» **Exercise aim**
Write all of the entries out again exactly, but not the images.

Items from a dataset:
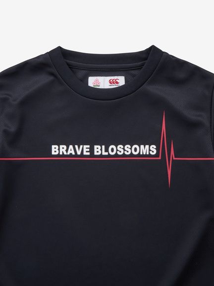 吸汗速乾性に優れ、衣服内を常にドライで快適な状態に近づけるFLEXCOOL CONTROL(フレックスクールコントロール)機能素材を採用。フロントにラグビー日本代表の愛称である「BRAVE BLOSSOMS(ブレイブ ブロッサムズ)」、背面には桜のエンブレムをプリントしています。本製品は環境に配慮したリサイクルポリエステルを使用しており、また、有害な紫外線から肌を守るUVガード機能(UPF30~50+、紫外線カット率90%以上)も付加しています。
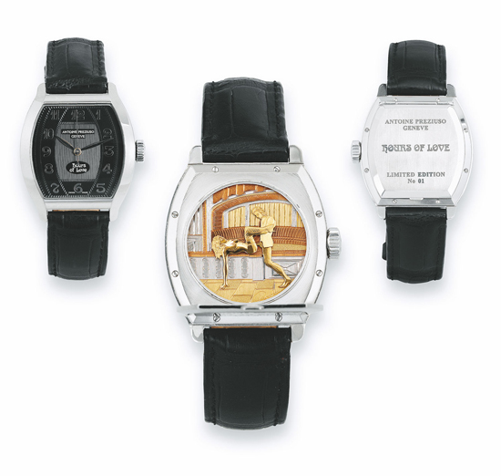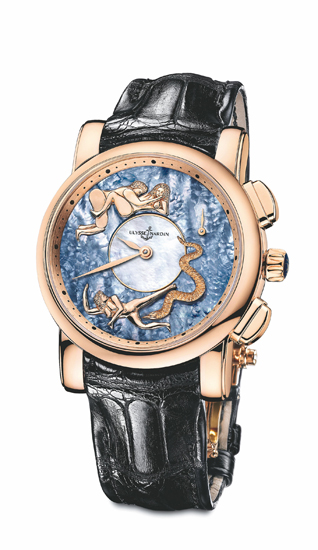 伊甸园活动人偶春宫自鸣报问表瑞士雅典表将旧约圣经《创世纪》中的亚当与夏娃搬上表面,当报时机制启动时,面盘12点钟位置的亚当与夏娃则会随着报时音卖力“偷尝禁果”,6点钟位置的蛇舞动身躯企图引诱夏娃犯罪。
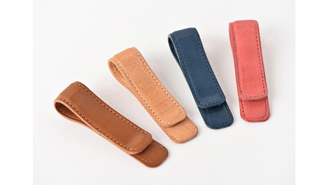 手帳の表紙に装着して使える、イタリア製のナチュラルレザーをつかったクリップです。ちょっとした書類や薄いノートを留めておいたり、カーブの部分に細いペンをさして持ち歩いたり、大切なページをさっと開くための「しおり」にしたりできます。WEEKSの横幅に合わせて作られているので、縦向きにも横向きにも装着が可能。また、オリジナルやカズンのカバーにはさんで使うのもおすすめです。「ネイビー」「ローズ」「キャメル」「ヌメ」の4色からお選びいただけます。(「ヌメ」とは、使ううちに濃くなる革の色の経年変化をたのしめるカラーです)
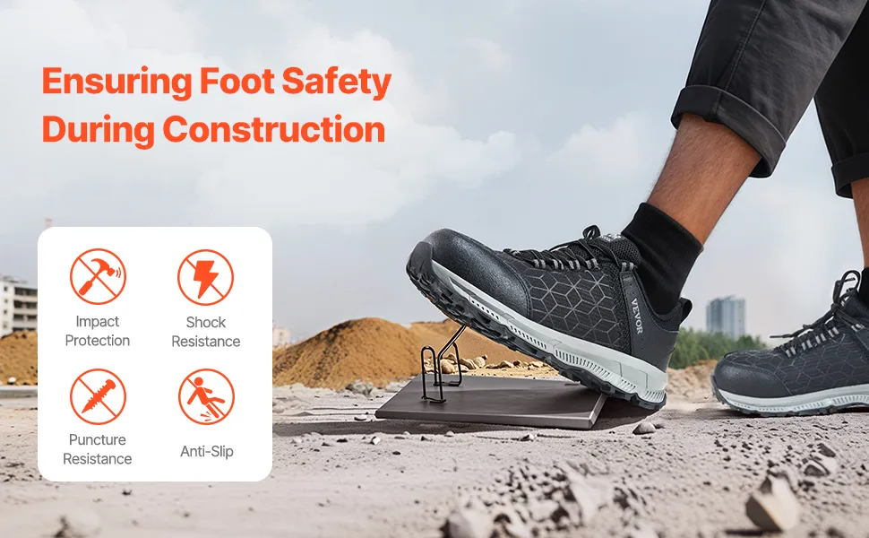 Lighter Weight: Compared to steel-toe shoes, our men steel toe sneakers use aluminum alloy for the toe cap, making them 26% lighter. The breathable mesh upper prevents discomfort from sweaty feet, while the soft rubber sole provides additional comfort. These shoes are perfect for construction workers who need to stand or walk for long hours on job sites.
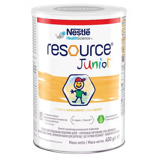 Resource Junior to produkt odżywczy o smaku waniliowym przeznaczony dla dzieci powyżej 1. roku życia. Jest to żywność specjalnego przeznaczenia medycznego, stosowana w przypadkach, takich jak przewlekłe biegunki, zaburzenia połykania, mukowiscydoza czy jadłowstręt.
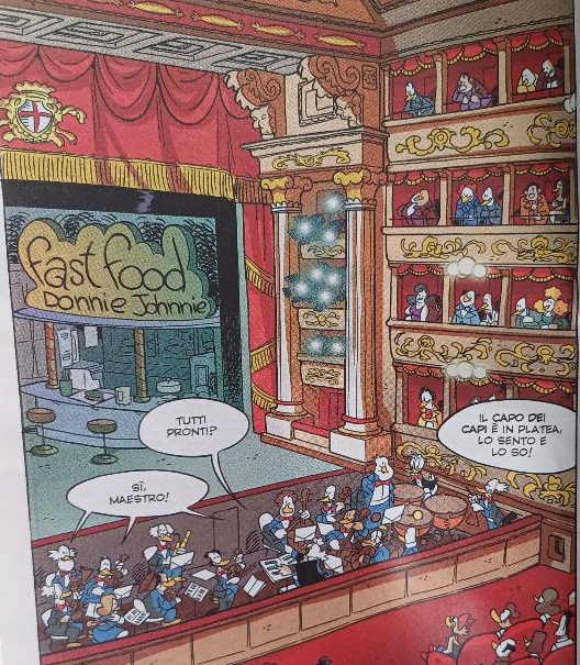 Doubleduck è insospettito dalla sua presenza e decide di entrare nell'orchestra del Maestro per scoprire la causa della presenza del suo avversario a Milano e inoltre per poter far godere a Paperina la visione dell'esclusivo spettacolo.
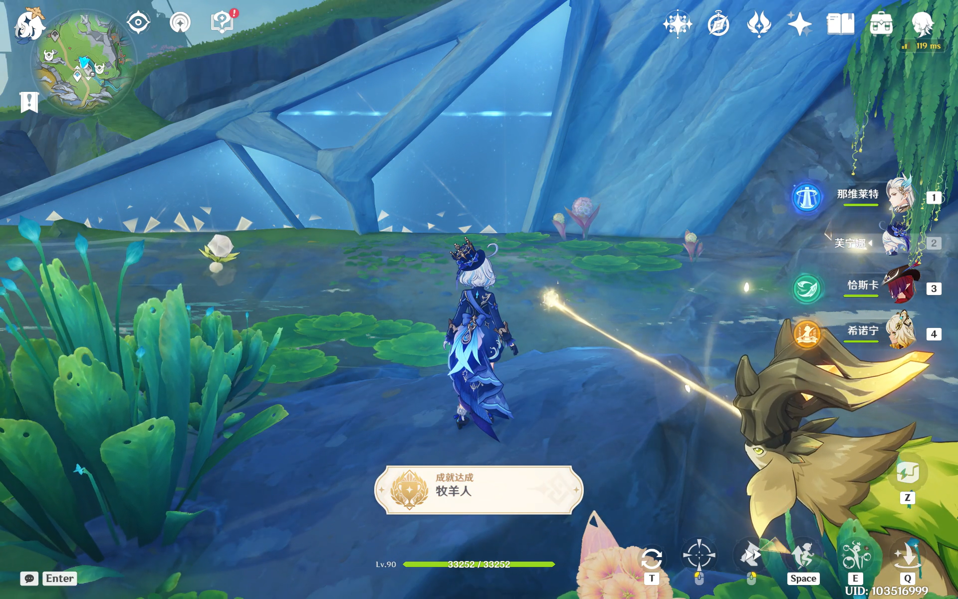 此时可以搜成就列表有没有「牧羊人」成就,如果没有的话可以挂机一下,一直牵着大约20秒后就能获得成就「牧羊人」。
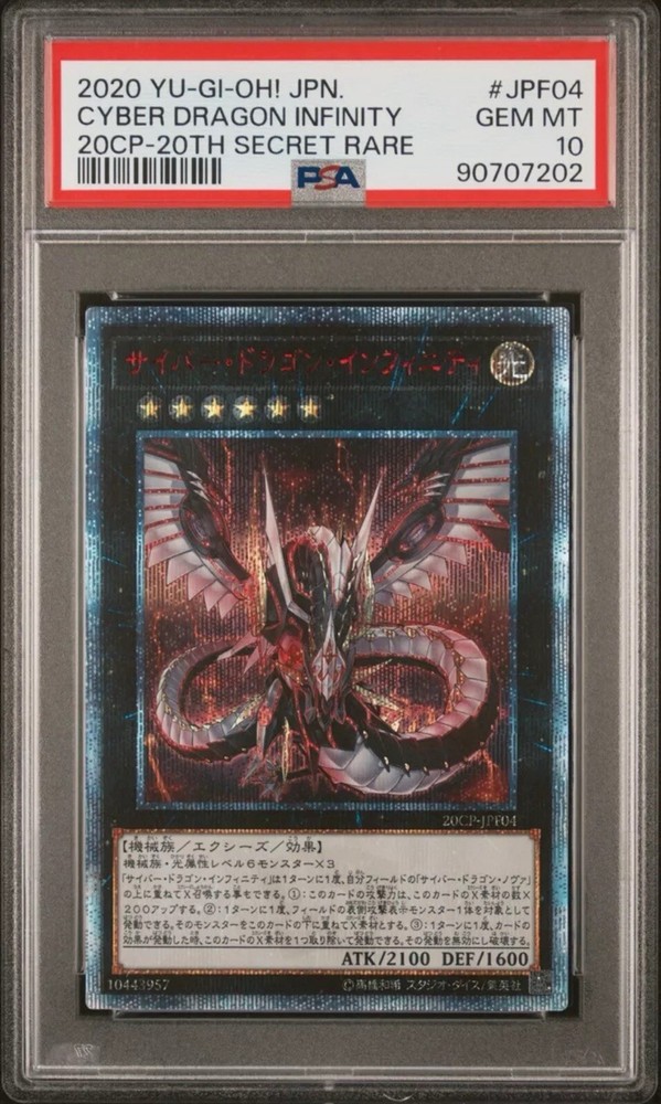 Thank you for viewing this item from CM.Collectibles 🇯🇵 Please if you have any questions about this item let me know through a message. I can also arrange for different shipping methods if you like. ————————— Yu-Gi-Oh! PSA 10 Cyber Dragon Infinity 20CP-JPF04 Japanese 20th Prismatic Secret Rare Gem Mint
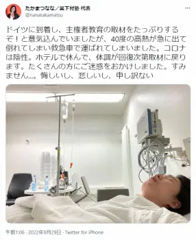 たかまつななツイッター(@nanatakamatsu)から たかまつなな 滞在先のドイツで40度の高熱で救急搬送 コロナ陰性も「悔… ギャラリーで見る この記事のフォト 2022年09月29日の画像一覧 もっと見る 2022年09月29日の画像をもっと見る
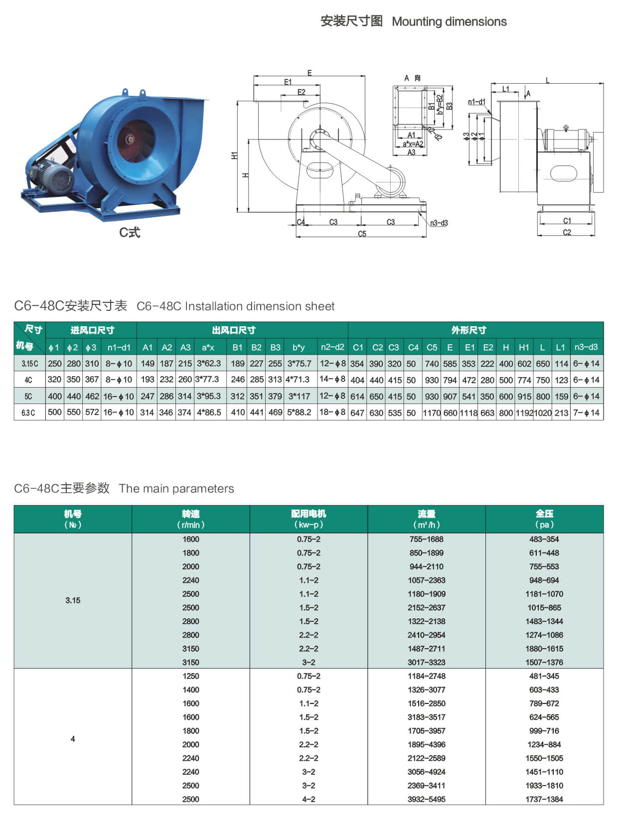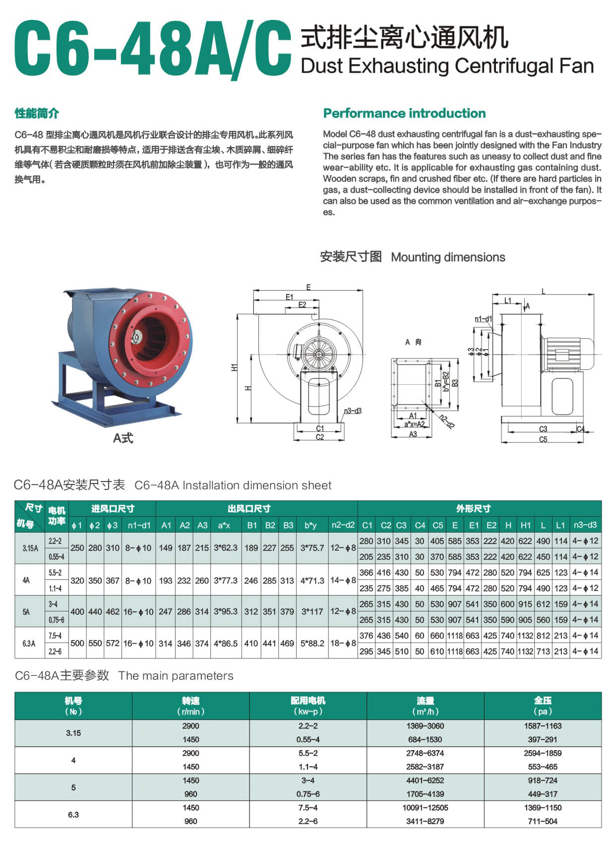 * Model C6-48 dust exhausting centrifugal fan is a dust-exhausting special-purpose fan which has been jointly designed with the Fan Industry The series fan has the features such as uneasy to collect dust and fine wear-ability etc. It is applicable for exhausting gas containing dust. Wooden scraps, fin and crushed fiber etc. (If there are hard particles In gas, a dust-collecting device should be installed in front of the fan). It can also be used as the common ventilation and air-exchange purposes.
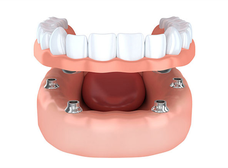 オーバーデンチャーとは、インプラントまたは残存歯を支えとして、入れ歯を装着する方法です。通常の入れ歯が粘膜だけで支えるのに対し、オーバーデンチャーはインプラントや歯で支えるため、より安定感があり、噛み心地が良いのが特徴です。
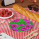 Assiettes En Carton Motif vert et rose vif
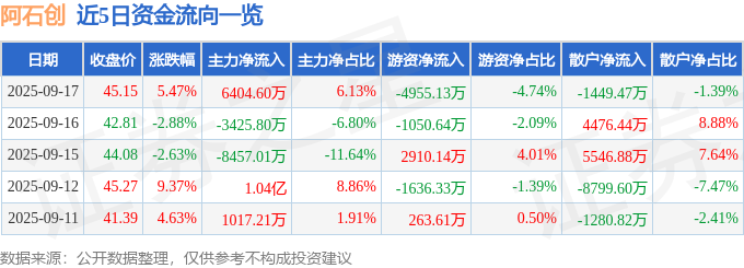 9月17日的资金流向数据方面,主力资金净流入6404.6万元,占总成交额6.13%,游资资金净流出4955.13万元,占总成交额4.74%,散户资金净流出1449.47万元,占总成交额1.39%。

» **Task result**
 吸汗速乾性に優れ、衣服内を常にドライで快適な状態に近づけるFLEXCOOL CONTROL(フレックスクールコントロール)機能素材を採用。フロントにラグビー日本代表の愛称である「BRAVE BLOSSOMS(ブレイブ ブロッサムズ)」、背面には桜のエンブレムをプリントしています。本製品は環境に配慮したリサイクルポリエステルを使用しており、また、有害な紫外線から肌を守るUVガード機能(UPF30~50+、紫外線カット率90%以上)も付加しています。
 伊甸园活动人偶春宫自鸣报问表瑞士雅典表将旧约圣经《创世纪》中的亚当与夏娃搬上表面,当报时机制启动时,面盘12点钟位置的亚当与夏娃则会随着报时音卖力“偷尝禁果”,6点钟位置的蛇舞动身躯企图引诱夏娃犯罪。
 手帳の表紙に装着して使える、イタリア製のナチュラルレザーをつかったクリップです。ちょっとした書類や薄いノートを留めておいたり、カーブの部分に細いペンをさして持ち歩いたり、大切なページをさっと開くための「しおり」にしたりできます。WEEKSの横幅に合わせて作られているので、縦向きにも横向きにも装着が可能。また、オリジナルやカズンのカバーにはさんで使うのもおすすめです。「ネイビー」「ローズ」「キャメル」「ヌメ」の4色からお選びいただけます。(「ヌメ」とは、使ううちに濃くなる革の色の経年変化をたのしめるカラーです)
 Lighter Weight: Compared to steel-toe shoes, our men steel toe sneakers use aluminum alloy for the toe cap, making them 26% lighter. The breathable mesh upper prevents discomfort from sweaty feet, while the soft rubber sole provides additional comfort. These shoes are perfect for construction workers who need to stand or walk for long hours on job sites.
 Resource Junior to produkt odżywczy o smaku waniliowym przeznaczony dla dzieci powyżej 1. roku życia. Jest to żywność specjalnego przeznaczenia medycznego, stosowana w przypadkach, takich jak przewlekłe biegunki, zaburzenia połykania, mukowiscydoza czy jadłowstręt.
 Doubleduck è insospettito dalla sua presenza e decide di entrare nell'orchestra del Maestro per scoprire la causa della presenza del suo avversario a Milano e inoltre per poter far godere a Paperina la visione dell'esclusivo spettacolo.
 此时可以搜成就列表有没有「牧羊人」成就,如果没有的话可以挂机一下,一直牵着大约20秒后就能获得成就「牧羊人」。
 Thank you for viewing this item from CM.Collectibles 🇯🇵 Please if you have any questions about this item let me know through a message. I can also arrange for different shipping methods if you like. ————————— Yu-Gi-Oh! PSA 10 Cyber Dragon Infinity 20CP-JPF04 Japanese 20th Prismatic Secret Rare Gem Mint
 たかまつななツイッター(@nanatakamatsu)から たかまつなな 滞在先のドイツで40度の高熱で救急搬送 コロナ陰性も「悔… ギャラリーで見る この記事のフォト 2022年09月29日の画像一覧 もっと見る 2022年09月29日の画像をもっと見る
 * Model C6-48 dust exhausting centrifugal fan is a dust-exhausting special-purpose fan which has been jointly designed with the Fan Industry The series fan has the features such as uneasy to collect dust and fine wear-ability etc. It is applicable for exhausting gas containing dust. Wooden scraps, fin and crushed fiber etc. (If there are hard particles In gas, a dust-collecting device should be installed in front of the fan). It can also be used as the common ventilation and air-exchange purposes.
 オーバーデンチャーとは、インプラントまたは残存歯を支えとして、入れ歯を装着する方法です。通常の入れ歯が粘膜だけで支えるのに対し、オーバーデンチャーはインプラントや歯で支えるため、より安定感があり、噛み心地が良いのが特徴です。
 Assiettes En Carton Motif vert et rose vif
 9月17日的资金流向数据方面,主力资金净流入6404.6万元,占总成交额6.13%,游资资金净流出4955.13万元,占总成交额4.74%,散户资金净流出1449.47万元,占总成交额1.39%。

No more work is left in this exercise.